2. You need a gate driver for the mosfet. A PIC is not strong enough to switch it on and off fast enough for good efficiency. Ideally there should be above an amp of instantaneous current. Most fets have more than 1000 pF of gate capacitance. Particularly when switching large drain voltages, the “miller effect” makes the apparent capacitance at the gate much larger. In a flyback, on turnoff the leakage inductance of the transformer creates a very large spike, which makes gate turnoff slow. Don’t neglect this!
3. use a high-voltage fet. as mentioned before, 600 V would be excellent. The higher the clamping voltage, the less efficiency lost!

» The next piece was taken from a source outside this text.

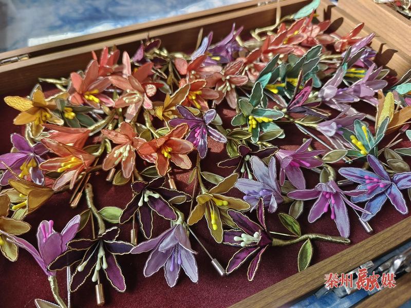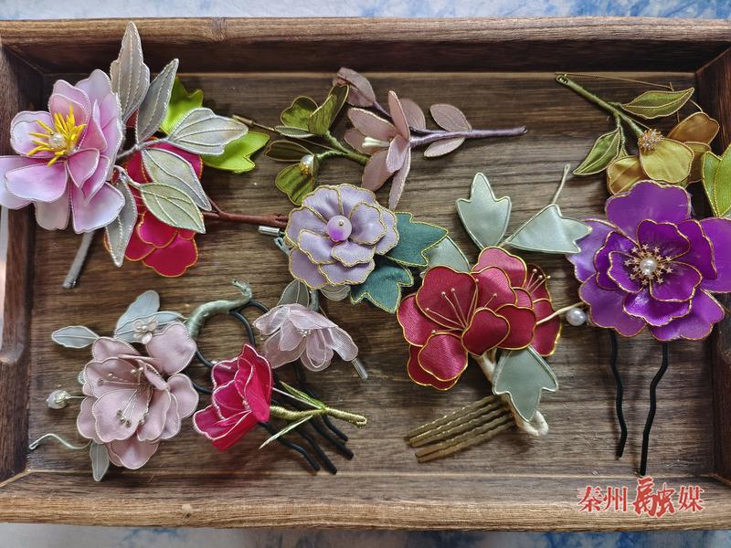 “这个是掐丝的工艺,我们用铜丝掐丝好以后粘在这个面料上,做成花瓣、树叶,最后组装成这种玫瑰花。我们女性都是非常爱美的,我们通过观察大自然的花朵,做出来非常漂亮的花,也展示了我们的非遗手艺。”市级非遗传承人于颖说。

4. generally, a high-power flyback driver will not clamp the transient by using the FET in avalanche mode. I think this is for reasons of speed. Generally, a zener diode clamp is used a lower powers, and at higher voltages (where it is hard to find zener diodes), a “freewheeling diode” in series with a parallel R/C filter is used.
There are also power transistor-based “zener boosters” that can be used. (details on request 😉
5. because the copper losses are proportional to I^2 * R, the delicate secondary windings are probably the limiting factor for your power output. This implies the flyback should be driven in “continuous conduction mode”, rather than “discontinuous conduction mode”–this reduces the ripple current through the windings and diodes, and ought to maximize output power the windings can handle.

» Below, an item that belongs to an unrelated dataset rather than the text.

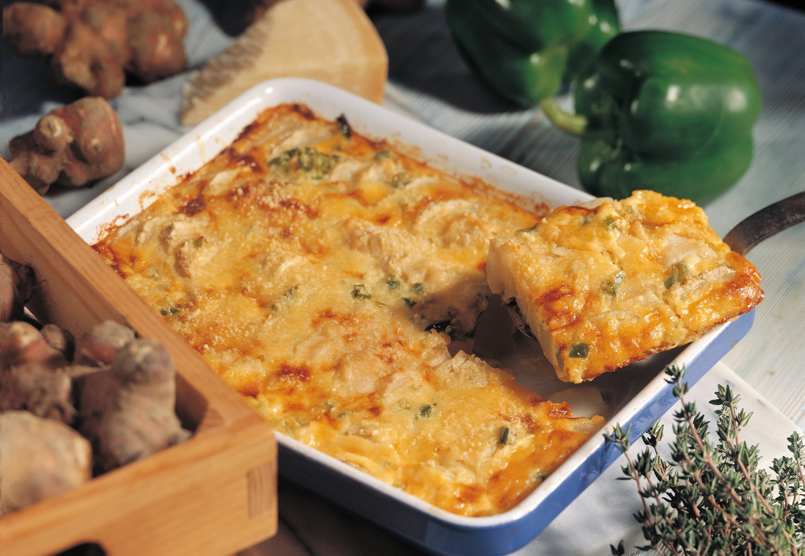 Paprika halbieren, Strunk und Kerne entfernen und das Fruchtfleisch kleinwürfelig schneiden. Topinambur schälen, in ca. 1/2 cm dicke Scheiben schneiden und mit Zitronensaft beträufeln. Topinambur in die Auflaufform schichten, mit den Paprikastücken bestreuen.

6. best efficiency is said to be achieved when core and winding losses are equal. To my thoughts, this implies increasing the switching frequency until core losses become significant.
7. output regulation! It is very difficult to directly regulate the high-voltage output. Perhaps for current-sensing the output you could make a floating optocoupler in opaque plastic tubing using an LED’s pretty linear current-to-light output, driving a photocell. For measuring voltage, either a voltage divider made from PVC pipe filled with a calculated concentration of copper sulfate solution (this allows very high resistances to be made), or else sense the reflected voltage from a low-voltage winding. Subject to the limits of transformer coupling, the voltage wave obtained from another coil on the transformer will tell you what voltage is “seen” by the secondary coil. If you regulate this voltage, it will also regulate the secondary. This is called “cross-regulation”. It’s not perfect, but a whole lot better than nothing at all. One limitation to this method is that without any load, regulation will suck. For a high-voltage output, I will guess that corona losses will load it enough that this is not a problem.

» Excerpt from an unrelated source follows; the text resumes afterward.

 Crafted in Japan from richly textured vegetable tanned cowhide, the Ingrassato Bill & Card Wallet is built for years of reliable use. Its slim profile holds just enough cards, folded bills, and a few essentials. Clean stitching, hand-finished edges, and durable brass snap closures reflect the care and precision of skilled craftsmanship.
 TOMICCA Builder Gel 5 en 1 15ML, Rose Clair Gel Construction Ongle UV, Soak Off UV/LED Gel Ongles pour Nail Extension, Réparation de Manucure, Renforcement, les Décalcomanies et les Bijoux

With a PIC in there, you can have cool stuff like digital HV output meter (voltage, current, and power), and with a high enough switching frequency, the possibility of making controlled output waveforms.
hi, good workman, nice project.
i have a project that gives a variable output high voltage
e.g from 0 till 25kv.
what you did, is great, but if i change the frequency that
drives the mosfet, could that gives variable high voltage on
the secondary flyback?
pleas how make this flyback and what materials used in to make this flyback please help me in that
thank you for your best site , it’s give me much pleasure to benefit of your experiments and
development My ideas.
dear sir ,can you assistance me about ; how to transformer to high volts of flyback to simple
volts ; please any assistance contact me soon
email@example.com mY name : aziz from Morocco age 32 years
thank you with best wishes
Well, you can use a small Radio-frequency tunable transformer to pump up the Gate drive voltage, however, you can use MOSFET driver if you want to.
Regarding to the MOSFET voltage, the Japanese MOSFET (Mitsubishi or Toshiba) is the way to go, since these are the most common brand used by power supply in TV and monitor, regarding the low chance of failure. Just use the largest of all if you can (TO-220AB or 227)
Hey, great job.
I need a little help here. I have e17865 and I’m really confused which pin is “FBPriP”, “FBPriG” and so I have no idea where to connect the microcontroller.
Can you help me? Thanks.
but what is “FBPriP”, “FBPriG” etc. ?
FBPri = Flyback primary winding (thin pins on the bottom of the flyback, you must find it out wich pair to use)
FBSec = Flyback secondary winding (one thick wire that comes out on the top of the flyback, and the other, the ground, is a pin located on the bottom of the flyback, you must find this too)
to find the pairs that match, use a voltimeter, you should read a very low resistance for the primary, i think that should have less than 5 ohms, becouse the primary has less than 100 turns of wire, it works with 150v, and more than 20 ohm for the secondary, becouse has more than 1000 turns of wire, the relation between primary and secondary is how much the flyback will amplify the voltage, i don’t have a flyback right here to test it. there are special pins on the bottom for different propouses, this give us different voltages too, but not as much as 10kv. some flybacks has a voltage doubler / triplier to elevate even more the voltage up to 25kv / 30kv, also if you wish to increase even more the voltage you can use the marx generator at the output of the secondary… it’s very interesting.
i’m sorry if my english is not clear enough, i’m out of practice…
regards from argentina!!!
PD: steven, very good ideas, i’m learning a lot reading all your projects, i’m making the osciloscope and other stuff too…
most mains-operated CRT-TVs used bipolar transistors for H-output stage, with Vcs ratings of 1100-1500V. I suggest take a good hard look at Service Manuals and any other supporting literature of large TVs, with particular attention to the base-drive arrangements because it is crucial to survival of these devices.
The many auxiliary windings are variously used to drive dynamic-convergence, East-West modulator/vertical output stage, etc. Partly for cost reasons but also in absence of perfect regulation o fEHT, the deflection-circuits need to DECREASE their output as EHT load increases with brightness – this maintains picture at correct size (more or less!) as picture-content and user-set brightness varies.
TV scanning uses roughly 52 us scan (“ON”) time and 12us flyback (“OFF”) – this is probably the best way to run these LOPTs.
GOOD WORK PLEASE DO IT ONLY THING IS THE SKY LIMIT
should i leave all the other pins floating like in the schematic? I have no oscillation from pin 3 / gp4.
I had good success with this after changing PIN_A1 to PIN_A4 in the code. Initially I made a mistake in my PCB layout based on the schematic for pin 3 signal out. PIN_A4 corresponds to the pin shown in the schematic.
I see super good efficiency running .6 amps from 15v across the primary with a 5/8″ arc. I’m very impressed by how well this works with a N channel irf840 mosfet, sony color tv flyback xformer and delay_us (28) ;